USAID chief grilled over 'Cuban Twitter' subterfuge

WASHINGTON—Lawmakers interrogated the head of the U.S. Agency for International Development on Tuesday over the organization’s funding of a Twitter-like program in Cuba reportedly designed to stir political unrest in the island nation.

Sen. Patrick J. Leahy (D-Vt.), chairman of the Senate appropriations subcommittee on state, foreign operations and related programs, told USAID Administrator Rajiv Shah that the secretive government-funded program was a “cockamamie idea” that “from the get-go had no possibility of working.”

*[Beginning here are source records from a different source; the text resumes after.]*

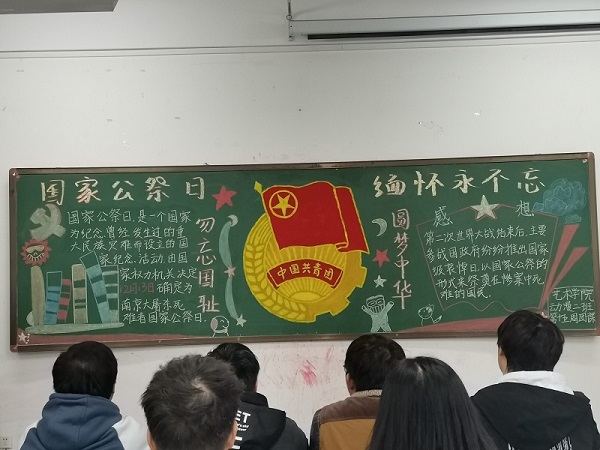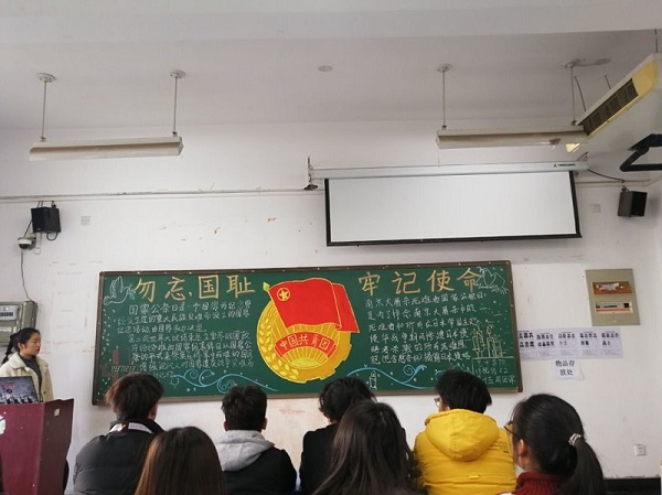 2019年12月12日,pg娱乐电子游戏官网入口pg娱乐电子游戏官网入口在龙子湖校区二号楼,举行了以“国家公祭日”为主题的团课。本次团课,由大一全体同学参加。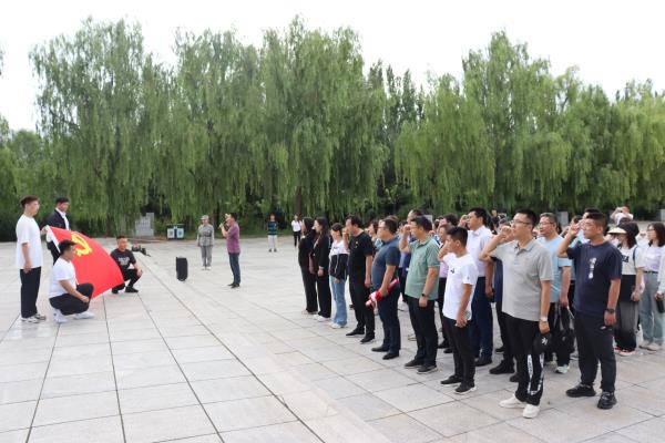 在默哀仪式、敬献花篮结束后,全体党员在庄严的党旗下重温入党誓词。铿锵恢宏的誓词,让党员们心潮澎湃,热血沸腾。党旗鲜红,誓言铿锵,慷慨激昂、满怀激情地宣誓词表达着永不懈怠的精神状态和为党和人民事业永远奋斗的信心、决心。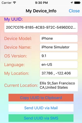 You can copy your UUID in the clipboard to use it in other apps or send it via mail & sms.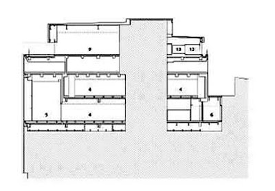 One aspect I found interesting is that despite having the most appealing facade of the whole complex , the building lacks a direct entry. In fact it can be accessed only from within the commercial area, as detailed below. The connection to the street is made through a bridge leading to an entrance to the shops.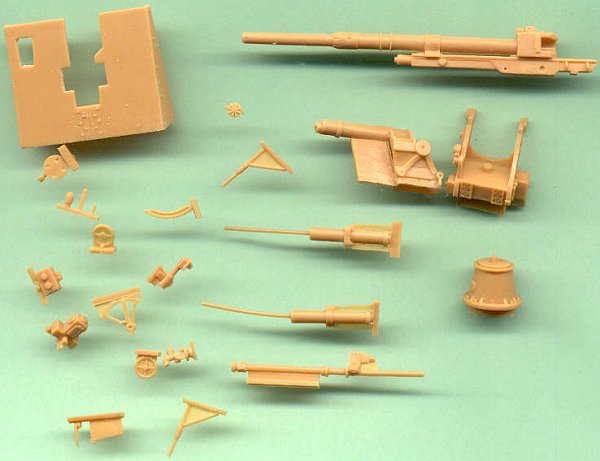 Above are representative gun parts (again this is not all the parts). Detail is superb. MarS is certainly a company to compare most other resin model companies against. The few long parts in the center of the scan that are a little warped can be straitened in very hot water and on a flat surface.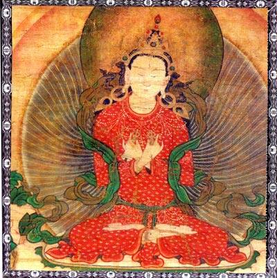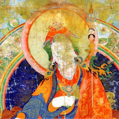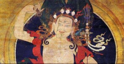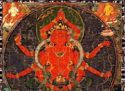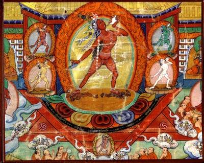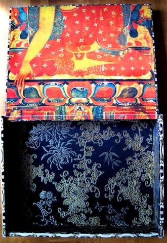 | Dharma Box (Inside) Inside box lid is covered with a continuation of the thangka, as are the outside sides of the box. Inside bottom of box is covered with brocade. | Chitipata, Masters of the Charnal Ground 7" x 8" x 3" $50 (+$5 S&H) |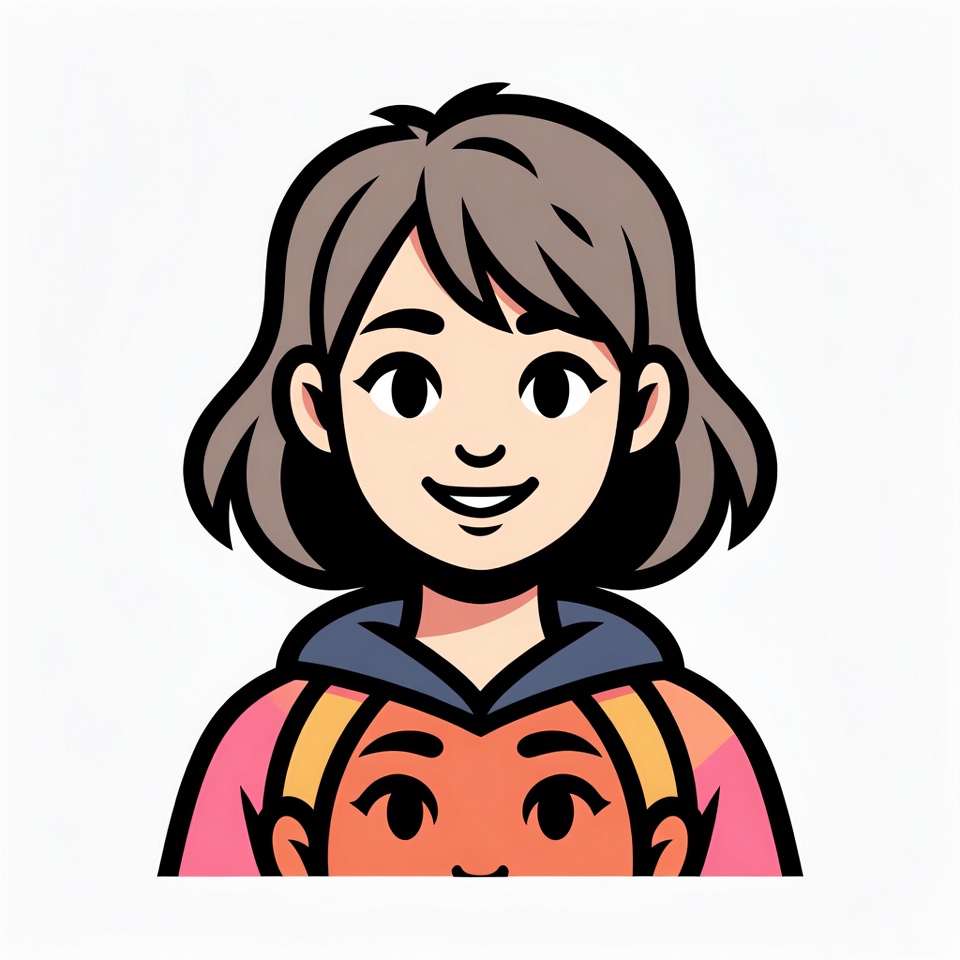 A cartoon illustration features a smiling girl with shoulder-length brown hair peeking out from a pink hoodie with a blue hood. She has large expressive eyes and a cheerful smile. An orange backpack strap is visible on her shoulder against a white background.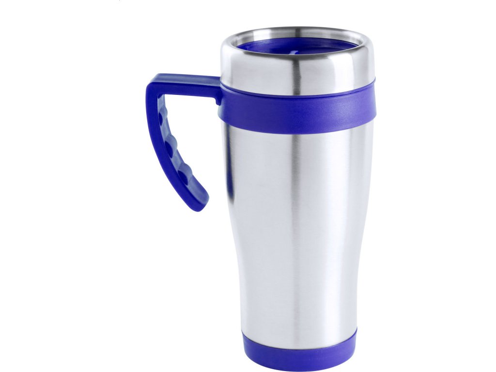 Nerezový termo hrnek z nerez oceli s barevnými plastovými částmi a uchem, 450 ml. V dárkové krabičce.

Shah denied elements of a report by the Associated Press, which last week revealed the U.S. role in a social media messaging service for Cubans. It said that the site was also used to gather data on more than 40,000 subscribers to encourage antigovernment protests in Cuba.

Shah said the program was not intended to stir political opposition to the Communist government, but merely to “support access to information and to allow people to communicate with each other.”

He denied the AP's assertion that USAID had used a system of shell companies to obscure the origins of the funding for ZunZuneo, the Cuban Twitter. But Shah said he did not know how ZunZuneo had explained to Cubans where the money came from.

The operation was part of a USAID program costing $15 million to $20 million a year to promote democracy in Cuba, Leahy said.

Shah could not identify those who developed the program, which started before his tenure in 2009 and ran until 2012.

Sen. Mike Johanns (R-Neb.) expressed dismay that USAID was behind the program.

“When I think about USAID, I think about words like humanitarian, caring, road-builders,” Johanns said, not “going into a country and trying to get Internet access for people who are opposing the regime.”

Leahy also chided Shah for failing to consider the potential danger of the program for USAID employees and for not doing enough to negotiate the release of Alan Gross, a U.S. contractor who was arrested in Cuba in December 2009 while working for the agency. Gross, 64, started a hunger strike last week.

“His health and his age are basically a death sentence,” Leahy said.